1. Do you have to apply to the local where you live? I live in PA, but only minutes from MD.

2. If you can apply in other areas can you apply to more than one at a time?

3. Can you apply for more than one field at a time, I.E. inside wireman and say residential?

4. Can you switch your field after you're started or are you locked in?

The four locals that would be close enough for me are 24(Balt.), 26(D.C.), 307(cumberland), and 143(harrisburg). If anyone has info about any of them in general I'd love to hear from you.

Thanks in advance, Jason


----------



## Dennis Alwon (May 9, 2009)

Welcome


----------



## Tom45acp (Sep 6, 2011)

All those questions should be asked of the individual locals as policies may vary.
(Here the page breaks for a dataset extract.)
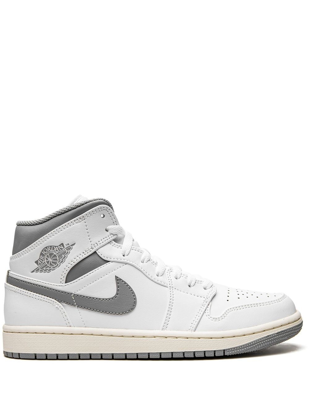 Air Jordan 1 Mid "White/Stealth Grey" sneakers A heritage style, the Air Jordan 1 Mid is presented in a white and stealth grey colourway here. Featuring the signature Swoosh logo and a supportive ankle-length construction, this pair offers a classic design. Highlights - Grey/white - Calf leather - Panelled design - Signature swoosh logo detail - Signature air jordan wings logo - Round toe - Front lace-up fastening - Ankle-length - Rubber sole - These styles are supplied by a premium sneaker marketplace. stocking only the most sought-after footwear, they source and curate some of the most hard to find sneakers from around the world. Imported Composition Leather 100% SIZE & FIT Measurement HEEL 1.18 in(3 cm) Sole height 0.78 in(2 cm) HEIGHT 4.33 in(11 cm)
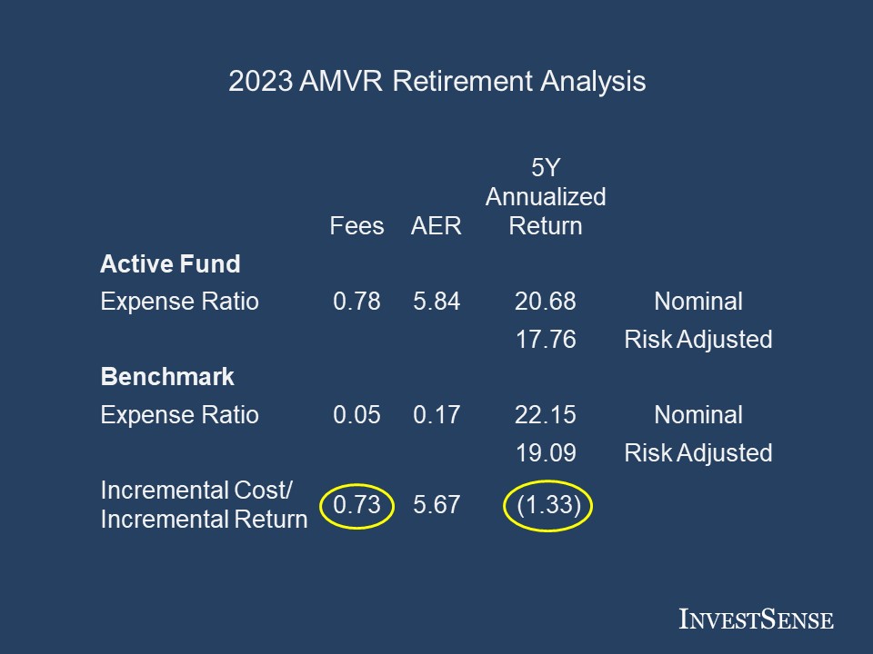 An AMVR analysis can be calculated for any time period. In this case, a five-year analysis comparing an actively managed fund and a comparable index fund shows that the actively managed fund is cost-inefficient, as it fails to provide a positive incremental return (1.33), so naturally the incremental costs exceed the incremental returns. A cost-inefficient fund is an imprudent investment under the Restatement (Third) of Trusts.

I do not believe that there is a mandate from the NJATC about residency, but I could be wrong.

Also, keep in mind where the classes will be held. The locals jurisdiction may be close, but their apprenticeship classes may not be. In our jurisdiction, we have a couple of counties that are a 2 1/2 hour drive from our classrooms. I doubt if we'll ever see an apprentice from one of those counties unless the apprentice moves closer.

Good luck


----------



## dg1871 (Feb 5, 2012)

It sounds like you should be local 229 territory


----------



## dg1871 (Feb 5, 2012)

Where do you live?


----------



## slims999 (Feb 16, 2012)

*Apprenticeship..*

I'm also going to be applying for an apprenticeship program, but at the North Texas Electrical Joint. Any advice?


----------



## henderson14 (Oct 23, 2010)

I think its more common in locals in major cities to accept applicants from cities outside their covered area.


----------



## brian john (Mar 11, 2007)

henderson14 said:


> I think its more common in locals in major cities to accept applicants from cities outside their covered area.
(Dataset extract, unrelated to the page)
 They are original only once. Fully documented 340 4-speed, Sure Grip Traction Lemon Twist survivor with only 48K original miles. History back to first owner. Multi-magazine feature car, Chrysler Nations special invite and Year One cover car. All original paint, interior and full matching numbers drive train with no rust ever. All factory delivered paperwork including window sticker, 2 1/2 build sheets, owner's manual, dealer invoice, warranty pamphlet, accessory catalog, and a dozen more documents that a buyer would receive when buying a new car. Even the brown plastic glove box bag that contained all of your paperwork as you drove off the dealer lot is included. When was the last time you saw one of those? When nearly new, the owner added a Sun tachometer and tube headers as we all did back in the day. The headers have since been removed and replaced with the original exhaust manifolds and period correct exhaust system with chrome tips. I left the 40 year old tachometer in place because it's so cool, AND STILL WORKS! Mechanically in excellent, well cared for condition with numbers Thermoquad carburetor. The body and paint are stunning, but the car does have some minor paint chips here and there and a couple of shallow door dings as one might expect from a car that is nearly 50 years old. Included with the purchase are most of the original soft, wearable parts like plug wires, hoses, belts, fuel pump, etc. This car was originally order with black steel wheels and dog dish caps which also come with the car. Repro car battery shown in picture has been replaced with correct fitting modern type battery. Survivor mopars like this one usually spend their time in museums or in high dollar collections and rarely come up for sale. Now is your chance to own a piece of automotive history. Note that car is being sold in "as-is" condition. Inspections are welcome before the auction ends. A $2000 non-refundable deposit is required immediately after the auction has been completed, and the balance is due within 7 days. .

Greencastle is an exit on I-81, was there on Wednesday and back tomorrow, all the ECs I have worked for in that area are open shop. MAny of the electricians I know from Hagerstown (south of Greencastle) travel to Baltimore or Washing DC for union work and in particular pay.


----------



## mikeh32 (Feb 16, 2009)

You can apply to as many as you want, but only one program per each local. 

You do not have to live in that local either.


----------



## jason75 (Feb 13, 2012)

Thanks guys.


----------